I continued south to the River Aire and Saltaire railway station. In the late afternoon sunshine there was a Yorkshire version of the passegieta in the park and around the cricket field.


I was in Manchester for the day and went to the Whitworth Gallery and thus saw two contrasting exhibitions. One was Women in Revolt, which I found interesting – probably not entirely for the expected reasons. Since I do recall the 1970s and 1980s, many of the events and social attitudes were familiar to me. The artwork was punchy rather than classy – reflecting the anger of that time and the everyday media that the artists/activists used (e.g. collage, fabric). At this remove it’s easy to forget how outlandish some of the demands for female equality seemed at the time to “ordinary people” – equal pay, professional opportunities, childcare, the assumption of being taken seriously. My aunts, for example, were ambivalent to, if not dismissive of, female equality. How far we have come! No, what did catch my attention was a film of ordinary women in the street, accosted by a male television journalist and asked what problems they encountered as women in the 1970s. It was almost a Socratic dialogue: he hectoring and various shes pondering his questions, totally media-unsavvy, and giving hesitant answers about things they perhaps hadn’t considered before. There was a polite bewilderment at being asked to examine their lives, rather than the redundant-heavy easy flow of words that a vox pop today might elicit.
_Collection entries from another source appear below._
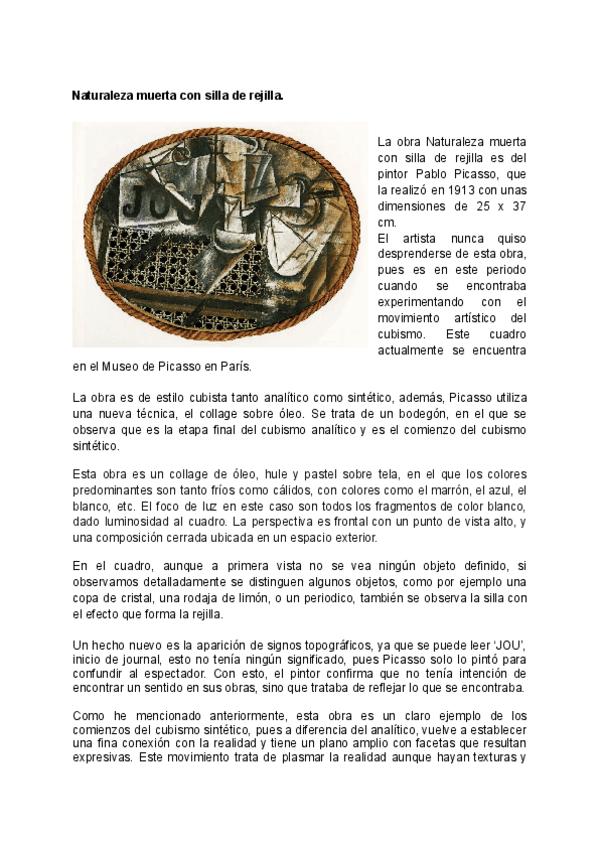 He publicado nuevos practicas de 2º Historia del Arte: Comentario-Naturaleza-muerta-con-silla-de-rejilla.-Picasso.pdf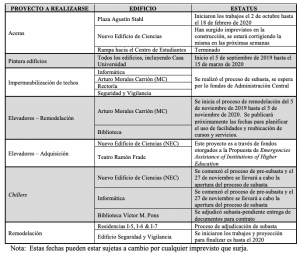 Actualmente se están llevando a cabo varios proyectos que impactan a nuestro recinto. Se están realizando los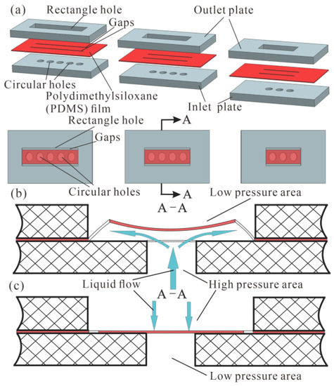 The check valve unit used in this paper is presented in Figure 1a, which was made of a thin PDMS flexible film sandwiched between an inlet plate and an outlet plate. Several circular holes were engraved on the center line of the inlet plate, a rectangular hole larger than the area of the circular holes was engraved on the center of the outlet plate, and two narrow gaps were cut on the PDMS film along the long edges of the rectangular hole, constructing a bridge valve with two fixed ends. When the pressure at the inlet plate side was higher, liquid flow from the circular holes could push the bridge valve to bend and flow through the rectangle hole to the outlet plate side, as shown in Figure 1b. Otherwise, when the pressure at the outlet plate side was higher, liquid flow from the rectangle hole would push the bridge valve to cover the circular holes and the liquid flow was blocked by the valve from flowing back to the inlet plate side, as shown in Figure 1c.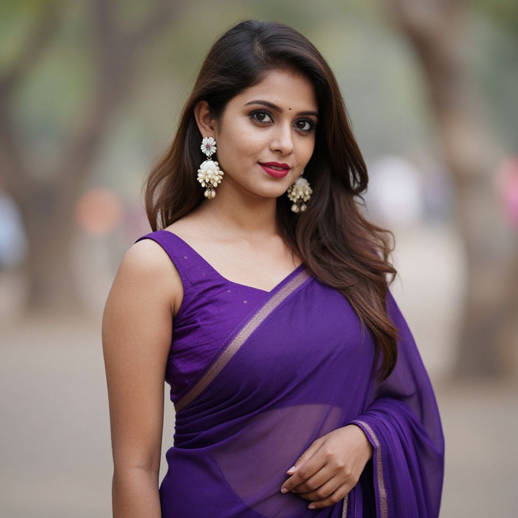 Photograph of an Indian woman with long dark hair, wearing a purple saree, gold earrings, and red lipstick, standing outdoors.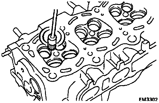 4. Clean valve guide bushings using a valve guide bushing brush and solvent, clean all the guide bushings.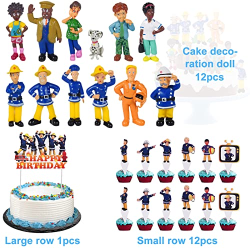 25Pezzi Pompiere Sam Topper per Torte, Pompiere Sam Mini Figures Set, Pompiere Sam Cupcake Torte, Pompiere Sam Figures Decorazione Torta Festa di Compleanno per Bambini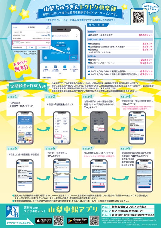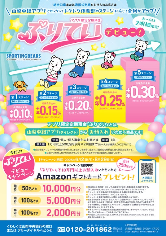 株式会社山梨中央銀行(頭取 古屋 賀章)は、「山梨中銀アプリ」(以下「アプリ」といいます)の利用者増加に伴い、お客さまの資産形成をご支援するため、「アプリ限定定期預金『ぷりてい』」(以下「ぷりてい」といいます)の取扱いを開始するとともに、キャンペーンを実施いたします。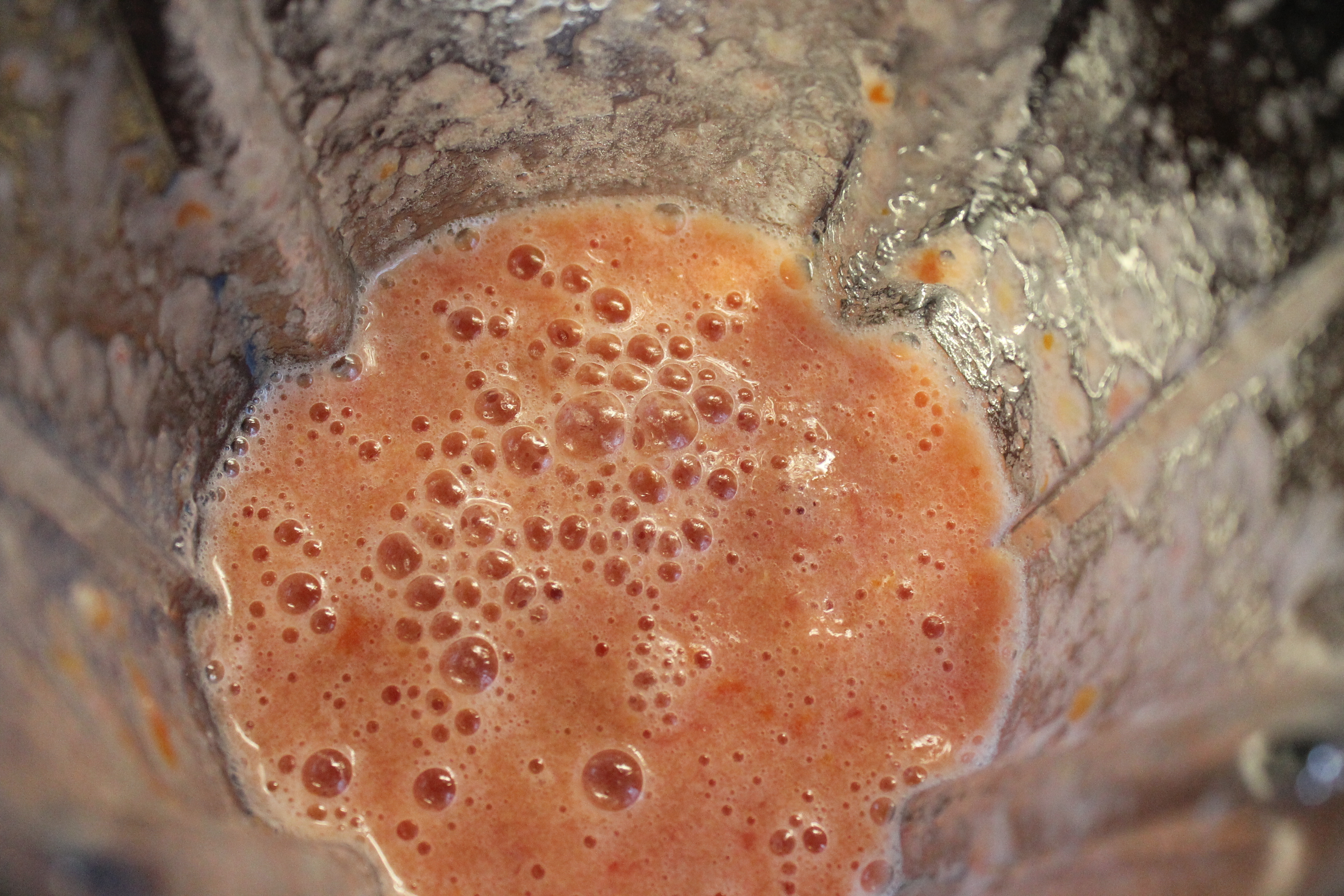 - klein schneiden und in einem Mixer geben => zu einer „Soße“ mixen

The exhibition assumed a natural relationship between 1970s feminism and other progressive attitudes – the relationship not embraced by women in power at that time like Margaret Thatcher.
And then Turner’s prints. The Whitworth had emptied all its shelves and backs of cupboards for this. They were rather lovely, and I was impressed by the quality of the mezzotints. A very different experience.






The Ashington train again, but this time only as far as Seaton Delaval and the Hall. Designed by Sir John Vanbrugh and built 1718-28. In 1822 a fire destroyed the south-east wing and gutted the central hall – the corps de logis. (I was confused about this, since both wings seemed intact, but a guide explained to me that the destroyed south-east wing was a later addition.) A great shame, priceless masterpiece, yada yada yada . . . but actually the damage to the showpiece central hall makes it all the more marvellous. Pipistrelle bats hibernate in the upper storeys. You can see which pilasters were made of stone. The eighteenth-century brickwork contrasted with the essential patching up of the nineteenth. Its ruin has been arrested, its proportions and exterior still dominate, and the interior has an air halfway between Ozymandias and poignancy. The family wealth (my inner Marxist asks the question) originally came from salt, glass (from the lovely sandy beaches) and coal.
Then back to the Brompton and a ride to Seaton Sluice and southwards along the coast through Whitley Bay and Cullercoats to Tynemouth. I stopped to admire the Spanish City and remembered how my Newcastle-bred mother used to refer to Whitley Bay as some kind of childhood Nirvana. At Cullercoats I recognised the bay and Watch House from Robert Jopling’s paintings. And the outline of Tynemouth priory looked uncannily familiar until I remembered an evening ferry from Newcastle to Ijmuiden years ago. Then the metro back to Monument and I was in the big city once again.